* **Task requirements**: Take the entries below and reproduce exactly the portion that begins at the line containing "Society of Japan」5月号に掲載されています." and ends at the line containing "耳穴在耳郭表面的分布状态,就", keeping both ends, dropping pictures, and adding nothing else.

* **Extracted records**:
■ ■ ■ ■ ■

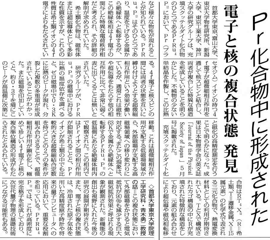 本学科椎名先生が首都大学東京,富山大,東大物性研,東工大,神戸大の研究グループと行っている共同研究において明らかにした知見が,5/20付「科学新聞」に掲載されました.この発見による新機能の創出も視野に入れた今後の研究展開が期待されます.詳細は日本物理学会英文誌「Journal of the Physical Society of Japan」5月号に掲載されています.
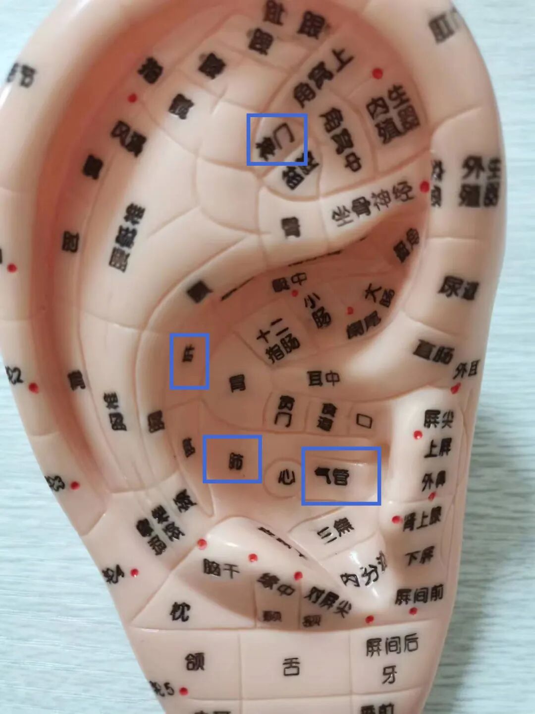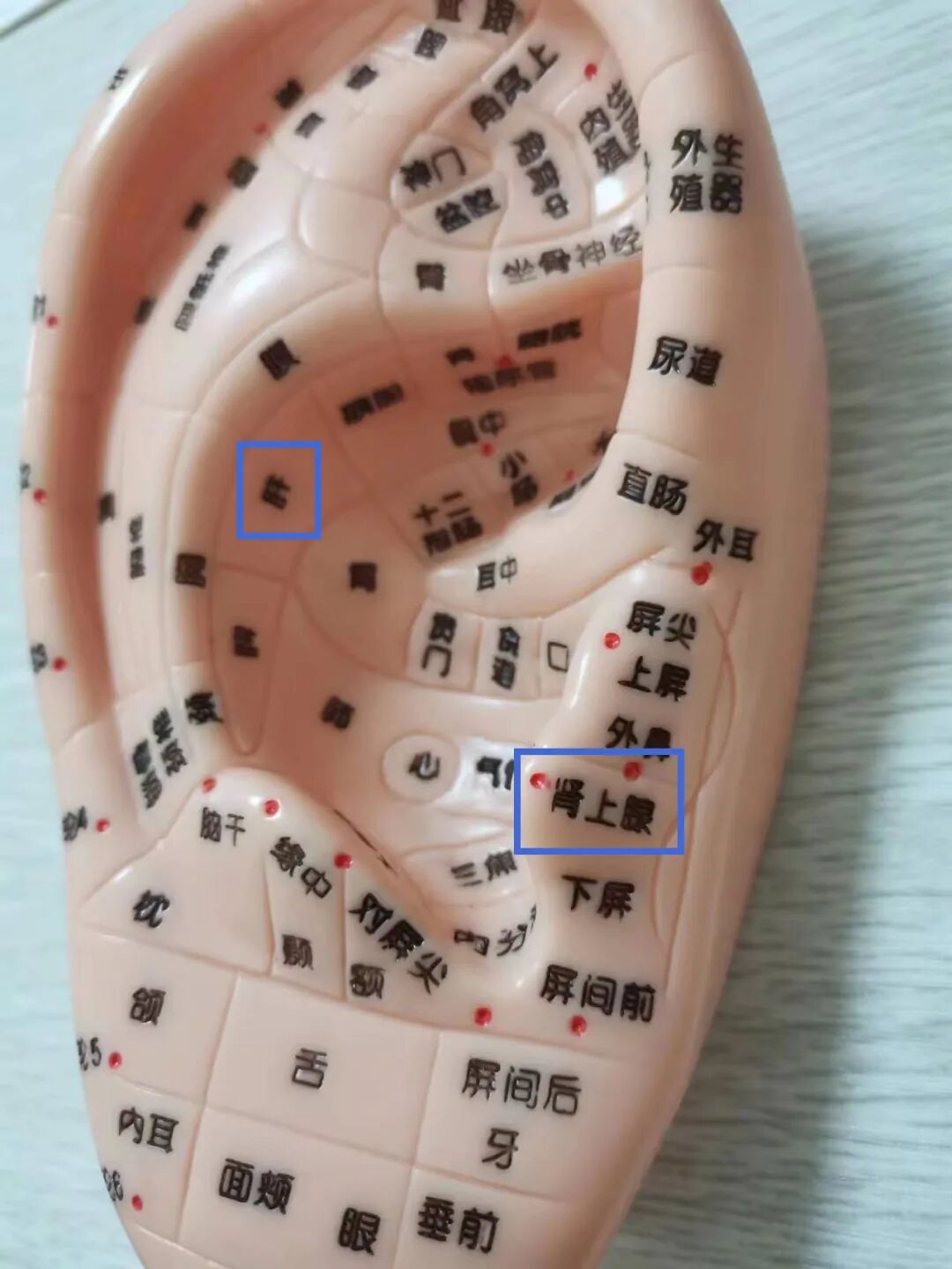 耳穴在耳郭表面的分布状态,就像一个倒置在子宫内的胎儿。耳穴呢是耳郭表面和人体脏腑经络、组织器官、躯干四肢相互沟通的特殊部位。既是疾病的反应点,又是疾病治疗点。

■ ■ ■ ■ ■

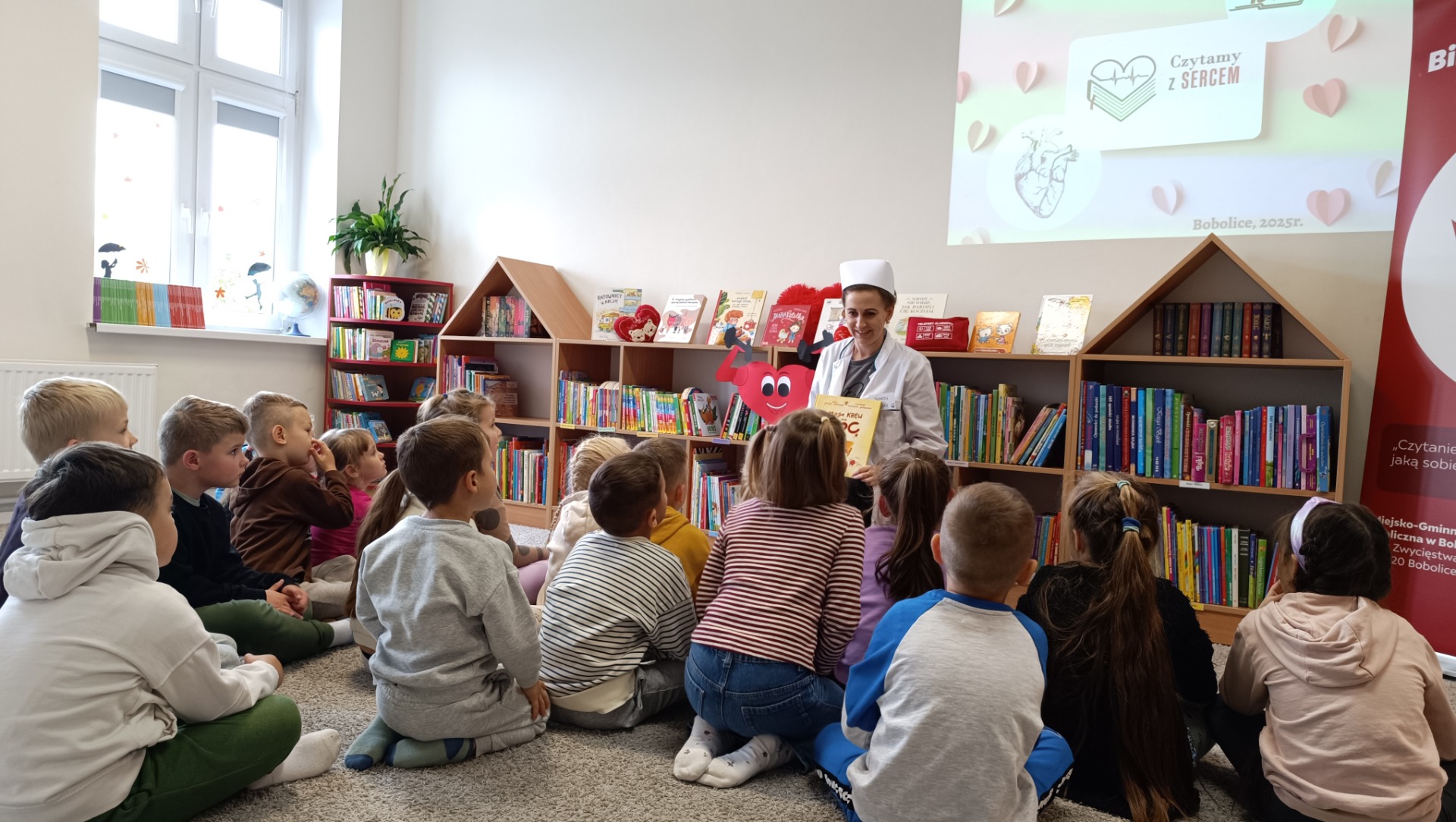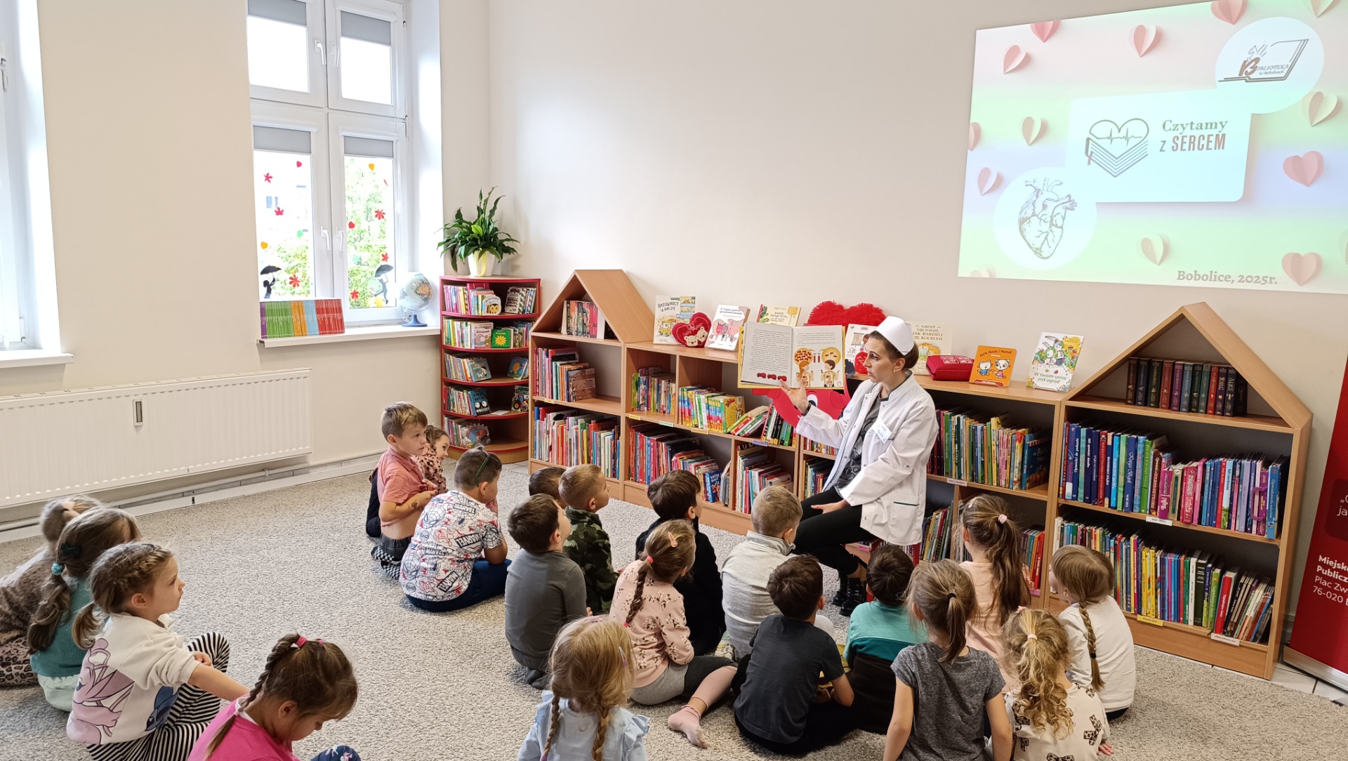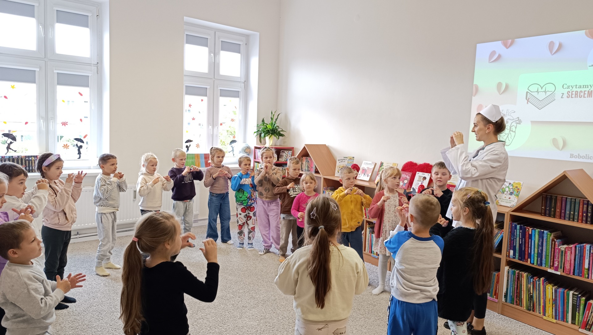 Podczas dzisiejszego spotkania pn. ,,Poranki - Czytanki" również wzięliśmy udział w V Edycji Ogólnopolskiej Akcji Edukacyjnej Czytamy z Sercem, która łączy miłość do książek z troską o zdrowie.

■ ■ ■ ■ ■

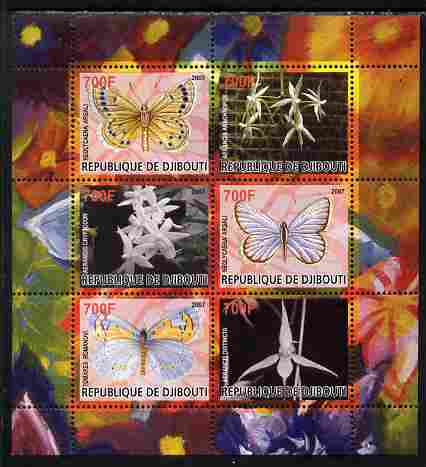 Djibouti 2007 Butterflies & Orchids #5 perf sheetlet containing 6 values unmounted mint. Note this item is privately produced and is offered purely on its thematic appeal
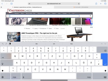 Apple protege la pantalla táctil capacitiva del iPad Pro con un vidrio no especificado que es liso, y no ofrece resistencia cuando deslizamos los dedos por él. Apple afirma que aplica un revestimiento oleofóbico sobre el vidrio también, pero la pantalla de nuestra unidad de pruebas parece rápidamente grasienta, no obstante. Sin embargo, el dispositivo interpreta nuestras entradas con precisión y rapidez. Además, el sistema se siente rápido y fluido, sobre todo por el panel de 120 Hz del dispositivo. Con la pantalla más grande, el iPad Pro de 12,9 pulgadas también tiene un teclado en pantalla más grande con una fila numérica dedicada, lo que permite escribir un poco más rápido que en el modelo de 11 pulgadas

■ ■ ■ ■ ■

* **Reply to the exercise**:
 本学科椎名先生が首都大学東京,富山大,東大物性研,東工大,神戸大の研究グループと行っている共同研究において明らかにした知見が,5/20付「科学新聞」に掲載されました.この発見による新機能の創出も視野に入れた今後の研究展開が期待されます.詳細は日本物理学会英文誌「Journal of the Physical Society of Japan」5月号に掲載されています.
 耳穴在耳郭表面的分布状态,就像一个倒置在子宫内的胎儿。耳穴呢是耳郭表面和人体脏腑经络、组织器官、躯干四肢相互沟通的特殊部位。既是疾病的反应点,又是疾病治疗点。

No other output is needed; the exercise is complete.